Я вдруг вспоминаю, как мы с Джеки однажды поехали на пляж – это случилось уже больше двадцати лет назад, да и пляж был отнюдь не фешенебельный, во всяком случае, не Бермуды, не Канкун или что-нибудь такое. Мы сумели тогда наскрести денег только на пару ночей в жалком мотеле, из которого даже океана не было видно. И все-таки мы старались хотя бы на несколько дней каждое лето съездить в Рехобот, где пили пиво и всей кожей впитывали солнечные лучи, стараясь за этот короткий срок избавиться от безумной усталости, скопившейся после целого года чудовищной университетской нагрузки. А в тот последний раз, когда с ней туда поехали, я под самый конец радостно сообщила ей, что сумела припрятать кое-какие денежки, и теперь мы можем задержаться еще на денек, а то и на два.
– А тебе этого хватит? – спросила Джеки, посасывая ледяную «Корону», в которую еще и четвертушку лайма выжала.
– Нет, конечно, – засмеялась я.
– Все когда-нибудь кончается, Джини. Раньше или позже. Ты же понимаешь, что невозможно вечно оставаться в радужном пузыре каникул.
Я уже не помню, остались мы тогда еще на один день в том же мотеле или наутро собрались и вернулись домой. Зато я хорошо помню, что, как только мы втащили в свою джорджтаунскую квартирку пляжные сумки с купальниками-бикини и лосьоном для загара, я сразу поняла, насколько Джеки была права: эти два или даже три дополнительных дня на пляже действительно никакого значения для нас не имели, потому что раньше или позже мы все равно оказались бы здесь, в нашей берлоге, и принялись бы выбрасывать из холодильника остатки своих неудавшихся научных экспериментов и проверять скопившуюся почту, быстро утрачивая остатки загара и снова с головой погружаясь в мясорубку академических занятий.
Да, Джеки снова оказалась права. Раньше или позже все на свете кончается.
– А знаешь, – говорю я Лоренцо, – мысль об обратной направленности наших исследований впервые пришла мне в голову, еще когда преподобный Карл предложил мне снова взяться за эту тему. Я тогда почему-то сразу подумала: а ведь он, возможно, просто придумал всю эту историю насчет падения президентского братца и некой травмы, связанной с зоной Вернике.
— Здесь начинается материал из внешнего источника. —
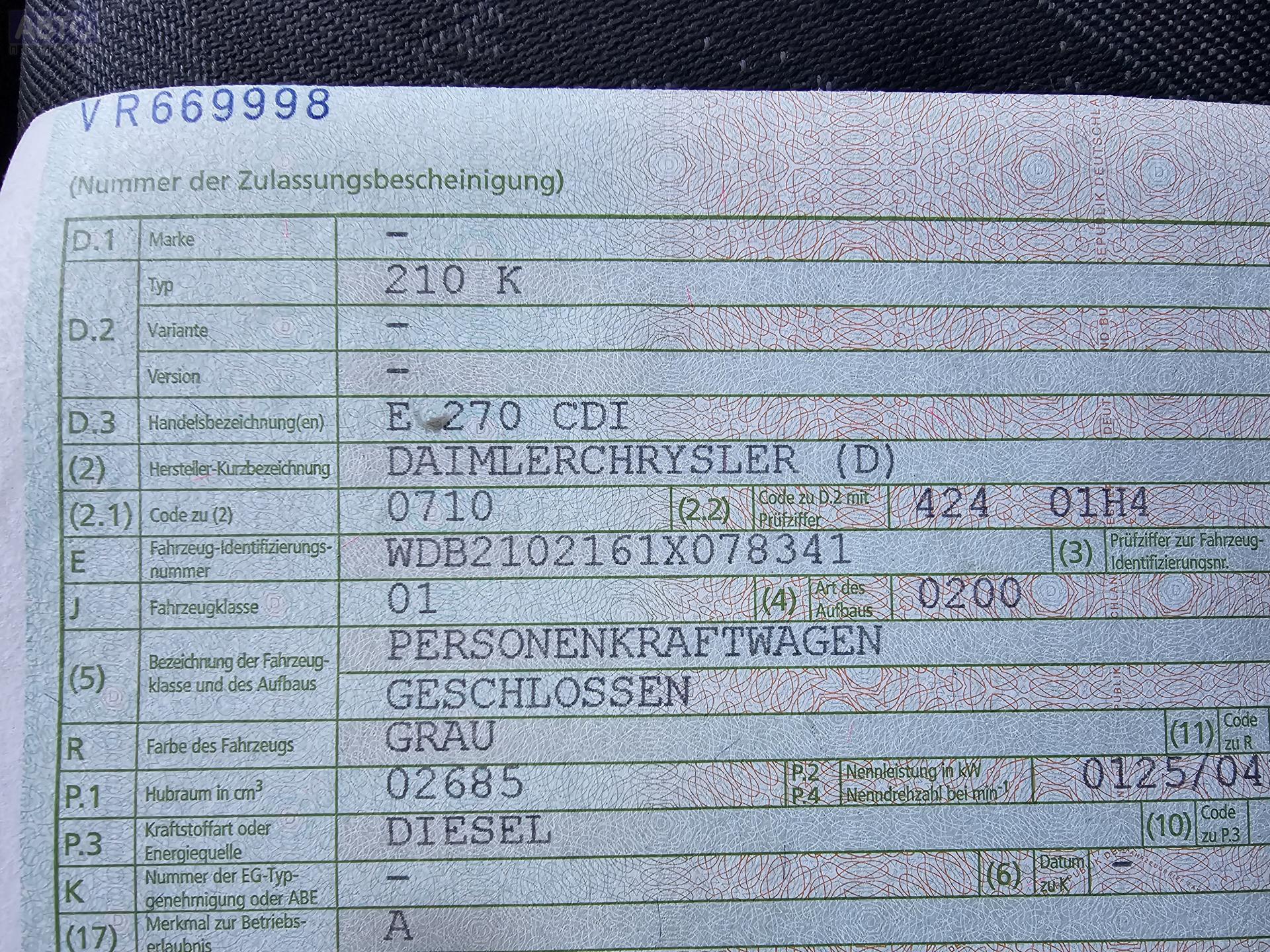 | Автомобиль / VIN: | T6455 WDB2102161X078341 |

Я, помнится, стояла у себя на кухне и никак не могла отвязаться от мысли о том, что он вполне может использовать результаты моей работы и для совсем иных целей. – И когда я об этом вспоминаю, мне становится так тошно, что я зарываюсь в подушку лицом, мечтая, чтобы она вдруг взяла и поглотила меня целиком.
– Твоей вины тут нет, – говорит Лоренцо.
Да нет, как раз есть! И виновата я не только в том, что тогда, в тот злополучный вторник, подписала контракт с Морганом, толком его не прочитав. Моя вина зародилась еще два десятилетия назад, когда я впервые не пошла голосовать, без конца повторяя возмущенной моим поведением Джеки, что слишком занята, чтобы таскаться на избирательный участок или тратить время на участие в каких-то бессмысленных маршах протеста, или малюя лозунги, или тщетно пытаясь дозвониться до своего конгрессмена.
– Скажи, что я вовсе не обязана покидать эту кровать, – говорю я Лоренцо. – Никогда, никогда.
Он смотрит на часы.
– Видишь ли, нашим подопытным мышкам нужно еще часа два. А чтобы доехать до лаборатории, нам понадобится минут сорок пять.
– Час, – уточняю я. – Мне-то уж точно. Вспомни, я не Марио Андретти.
– Значит, у нас максимум час.
Я, разумеется, тут же начинаю ныть, что я не могу, не могу. Но я могу. И на этот раз я не молчу. Я кричу – и голосом, и всем своим телом, впиваясь ногтями в простыни и в плоть Лоренцо. Я кусаюсь, я издаю громкие стоны, я царапаюсь, как дикая кошка после укола амфетамина, я выпускаю из себя все то напряжение, весь тот страх и всю ту ненависть, что накопились во мне и теперь ручьем льются прямо в Лоренцо. И он принимает все это до последней капли, хотя потом кое-что все-таки отдает обратно, когда с силой оттягивает назад мои волосы, яростно впивается мне в губы и в грудь, доводя меня до изнеможения своими поцелуями. Да, это неистовая ярость, смешанная с любовью, это наш двойной вопль, обращенный к остальному миру со всеми его грехами.